# Orange Beach dock light hopping and wading



## Chris V (Oct 18, 2007)

Shark fished the beach yesterday afternoon and never went to bed so my friend James and I decided to launch the yaks down Wilson blvd and hit lights until daylight and then switch to wade fishing. Had very good action around the lights with Redfish, Specks, Black Snapper, small Jacks and Lookdowns. The reds were of all sizes and the specks were from 14-20 inches. I caught a huge, 18" Lookdown and two Black Snapper at 15". James was throwing Yo Zuri Pins Minnows and small buck tail jigs with decent luck but there was no doubt that fly fishing was the way to go.

Once the sky started to lighten a bit, we paddled over to Walker Island and beaches the yaks. It was slow at first but we had some great blowups on topwater and took a few nice reds. The wind picked up pretty good before long and we paddled back to get breakfast and much needed sleep since I hadn't slept in 26 hours.


----------



## JD7.62 (Feb 13, 2008)

Hardcore man. How do those look downs fight?


----------



## Chris V (Oct 18, 2007)

They do the jack thing, get on their sides and dig. It may sound funny, but I actually will target them on the outside perimeter of the lights with a 3WT fly rod. Pretty fun


----------



## JD7.62 (Feb 13, 2008)

They look like they would be sporty. They are pretty common in aquariums and generally run well over $100 a pop.


----------



## Chris V (Oct 18, 2007)

Cool....wanna buy some! Lol


----------



## JD7.62 (Feb 13, 2008)

Im going back to freshwater now. My payara have grown nearly three inches in just a month! 

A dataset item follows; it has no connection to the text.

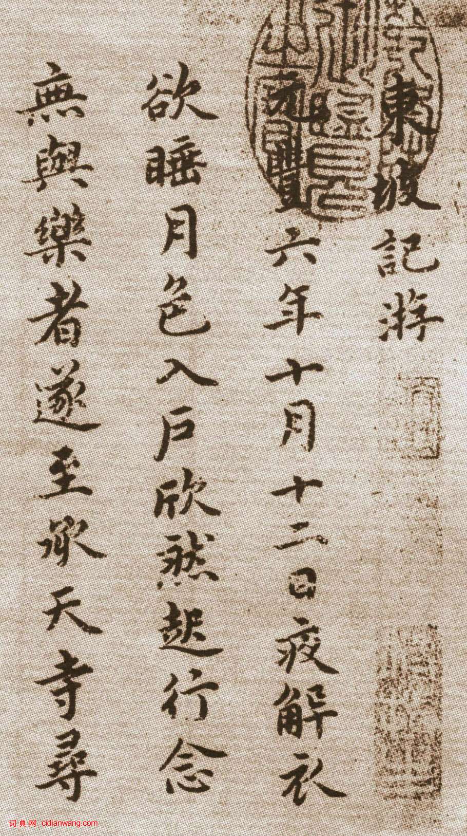 元豐六年十月十二日夜,解衣欲睡,月色入戶,欣然起行。念無與為樂者,遂至承天寺尋張懷民。懷民亦未寢,相與步於中庭。庭下如積水空明,水中藻荇交橫,蓋竹柏影也。何夜無月?何處無竹柏?但少閒人如吾兩人者耳。
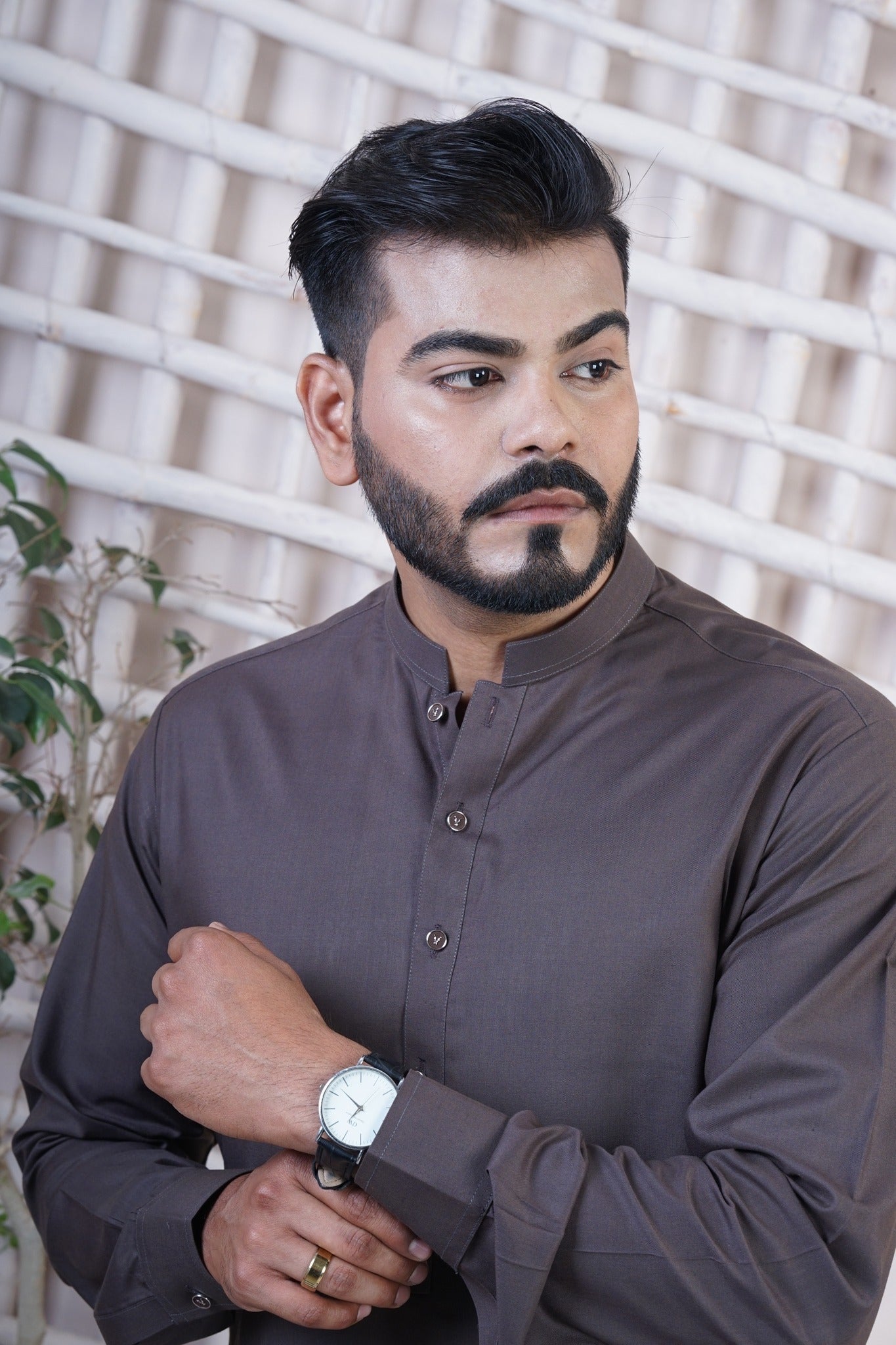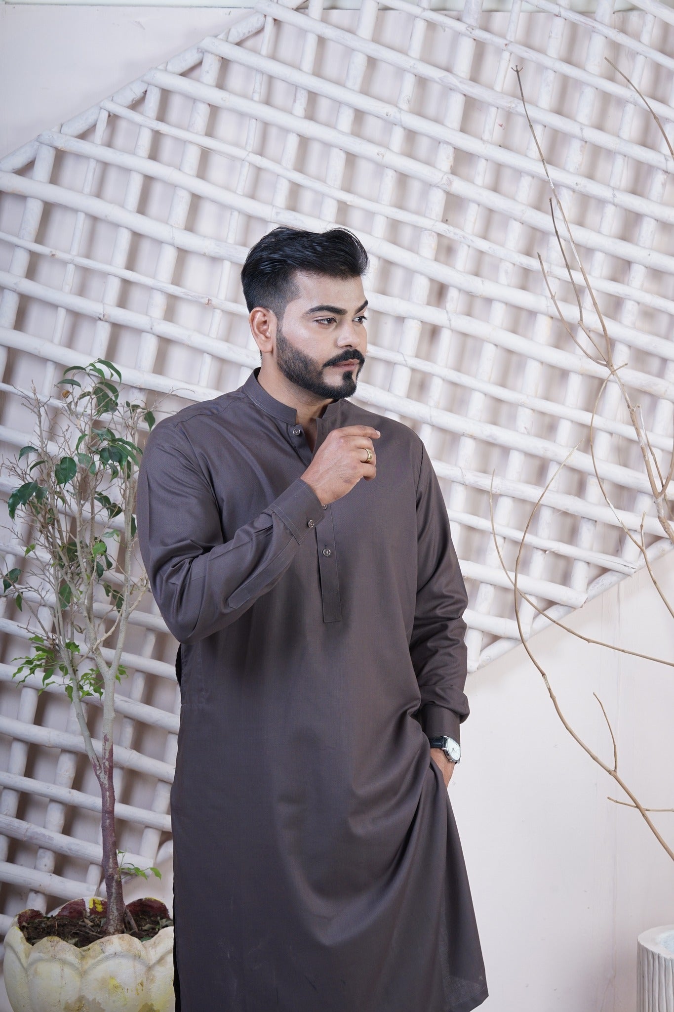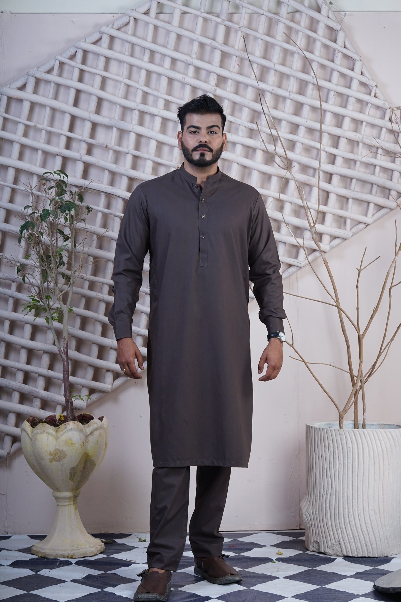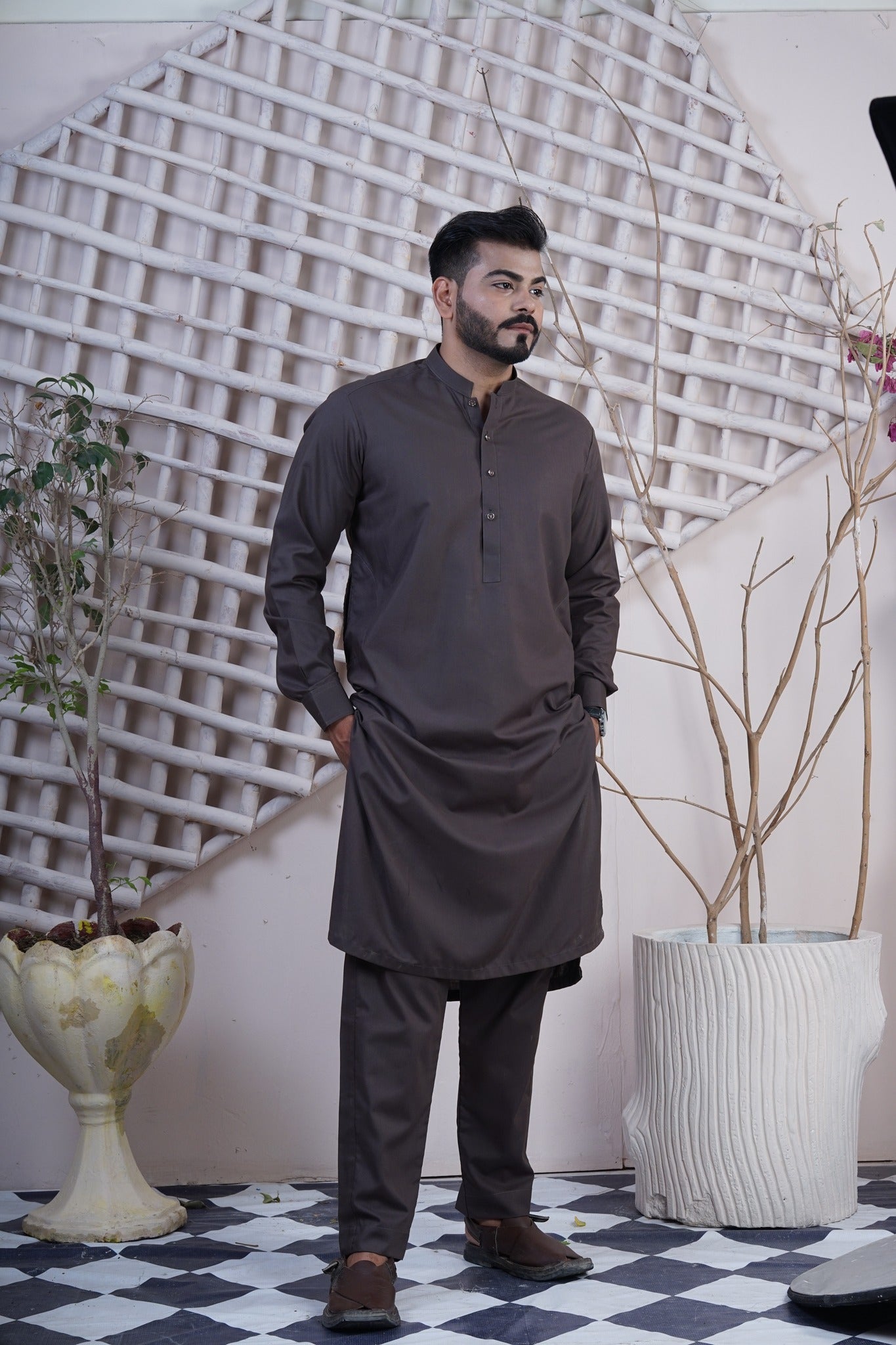 A refreshing twist on a classic Colour, this Brown Noil kameez shalwar is a must-have for any stylish man’s wardrobe.

I need to head south and grab me some peacocks. My payara grow too fast to get juvy pbass so I will need to find a source of some larger ones.


----------



## MrPhoShiz (Sep 22, 2010)

sounds like a blast! JD lmk when you go im gonna be in Orlando for the Disney Half Marathon in january and im bringing the Fly and a Ultralight for som Pbass


----------



## JD7.62 (Feb 13, 2008)

MrPhoShiz said:


> sounds like a blast! JD lmk when you go im gonna be in Orlando for the Disney Half Marathon in january and im bringing the Fly and a Ultralight for som Pbass


Orlando is still too far north for peacocks. 

I have a buddy in Melbourne who goes south frequently to fish for exotics, I just need to find some time to get away!


----------